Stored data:
########################################
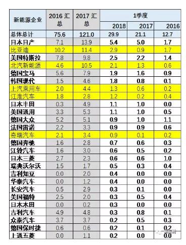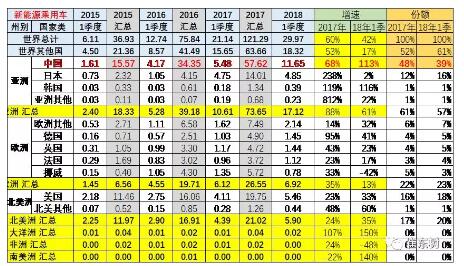 中國新能源車在世界市場的表現不斷的提升之中,16年在世界市場份額達到45%,17年中國的份額上升到47%,其中17年四季度達到59%的單位,18年1-3月份,中國新能源車占世界市場的份額達到37%,相比較17年1-3月份的21%,大幅提升了16個百分點。至于其他國家的形成和基本都處于下降之中,尤其是日本,從17年1到2分的24%下降到今年的21%,日本的新能源車新車優勢,暫時放緩。
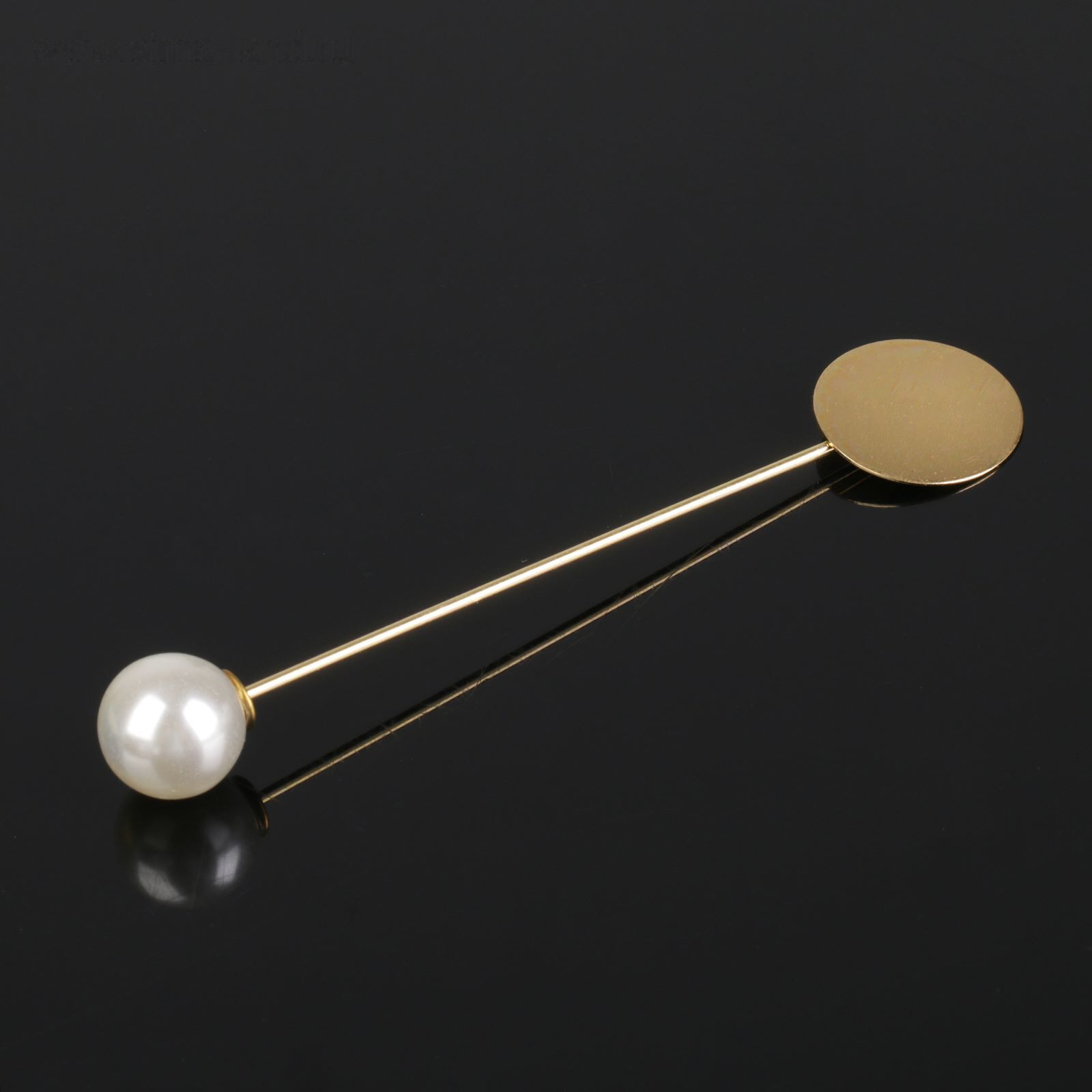 Основа "Брошь-игла" с бусиной d=1 см (набор 5шт), L=7,5 см,площадка 1,5см, цвет золото
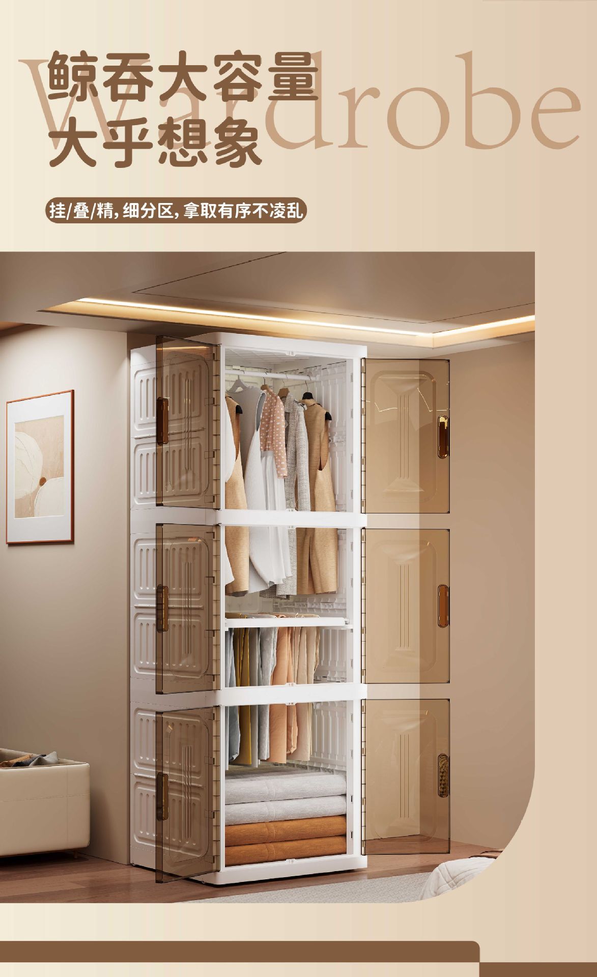 접이식 옷장 성인용 대형 옷걸이 접이식 수납장 다층 선반 수납장 벽걸이 무설치 침실용스토어 가기
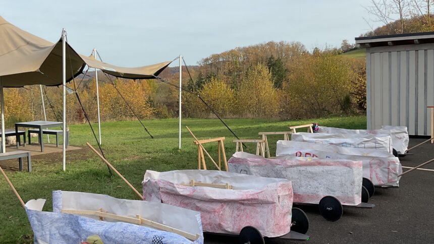 Gleich zum Auftakt der Klassenfahrt stand eine besondere Herausforderung an: Nachdem alle Schülerinnen und Schüler ihre Zimmer bezogen und sich eingerichtet hatten, begann der Bau der Seifenkisten. Pro Klasse wurden drei Seifenkisten gebaut und kreativ gestaltet. Mit Begeisterung, handwerklichem Geschick und guter Laune entstanden in kurzer Zeit die Fahrzeuge. Am Abend folgte ein echtes Highlight – eine Nachtwanderung ohne Taschenlampen. Gemeinsam machten sich die Klassen auf den Weg durch die Dunkelheit. Dabei stärkten die Kinder ihren Mut und erlebten die Natur einmal ganz anders.
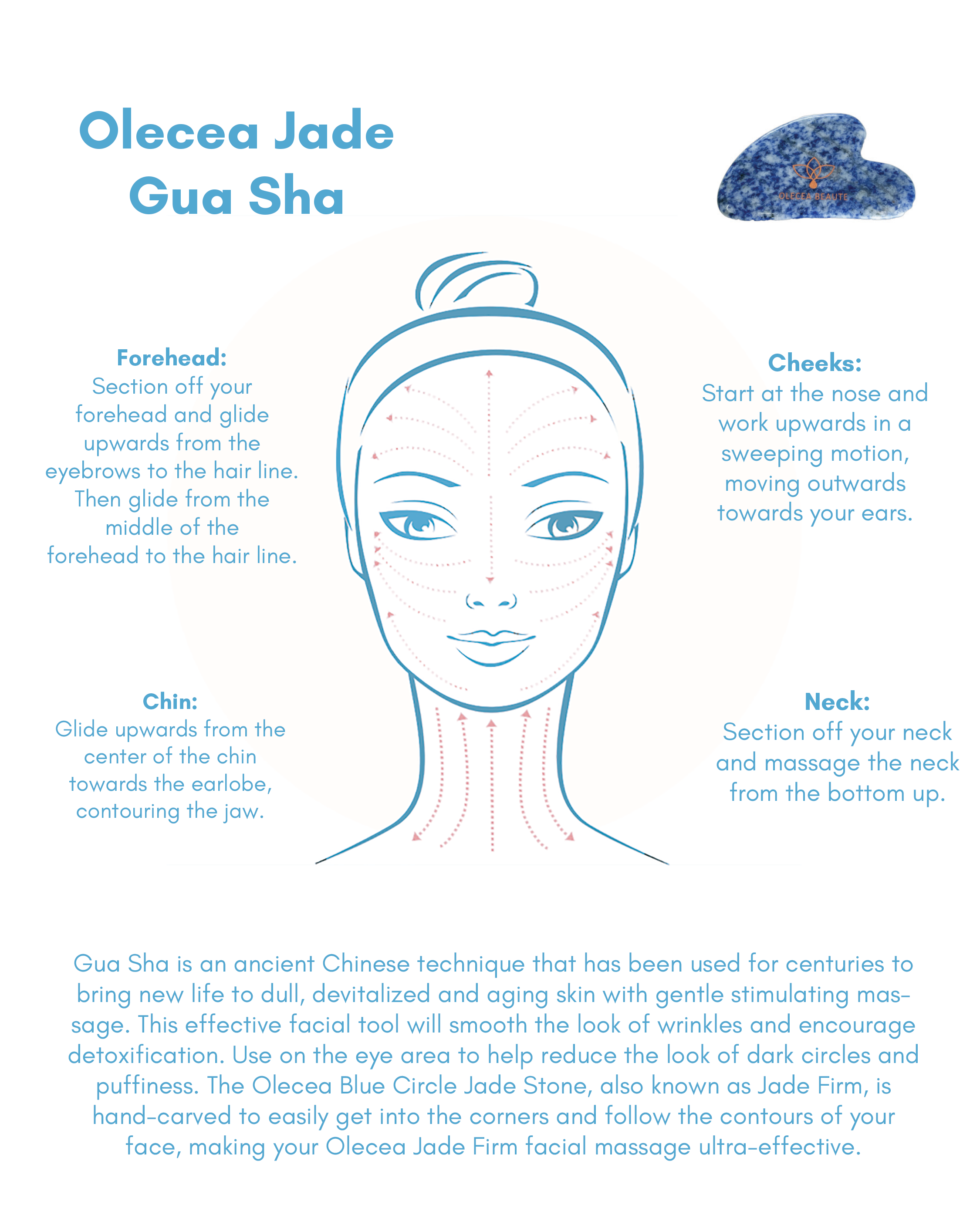 The Blue Circle Jade Gua sha Stone is a skincare tool inspired by a traditional Asian practice meant to keep skin looking young. Made of a special kind of jade, it releases far infrared rays, which are great for rejuvenating skin cells and preventing signs of aging.
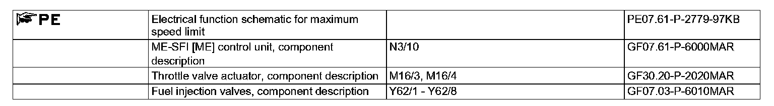 If 250 km/h is reached, the ME-SFI control unit reduces the throttle valve opening angles of the front and rear throttle valve actuators (M16/3, M16/4) and the injection time of the fuel injection valves (Y62).
########################################
TASK REQUIREMENTS:
Your task is to repeat the opening line of the entries above and each line after it, ending with the line that has "접이식 옷장 성인용 대형". Do not include the pictures.

RESPONSE TO THIS EXERCISE:
 中國新能源車在世界市場的表現不斷的提升之中,16年在世界市場份額達到45%,17年中國的份額上升到47%,其中17年四季度達到59%的單位,18年1-3月份,中國新能源車占世界市場的份額達到37%,相比較17年1-3月份的21%,大幅提升了16個百分點。至于其他國家的形成和基本都處于下降之中,尤其是日本,從17年1到2分的24%下降到今年的21%,日本的新能源車新車優勢,暫時放緩。
 Основа "Брошь-игла" с бусиной d=1 см (набор 5шт), L=7,5 см,площадка 1,5см, цвет золото
 접이식 옷장 성인용 대형 옷걸이 접이식 수납장 다층 선반 수납장 벽걸이 무설치 침실용스토어 가기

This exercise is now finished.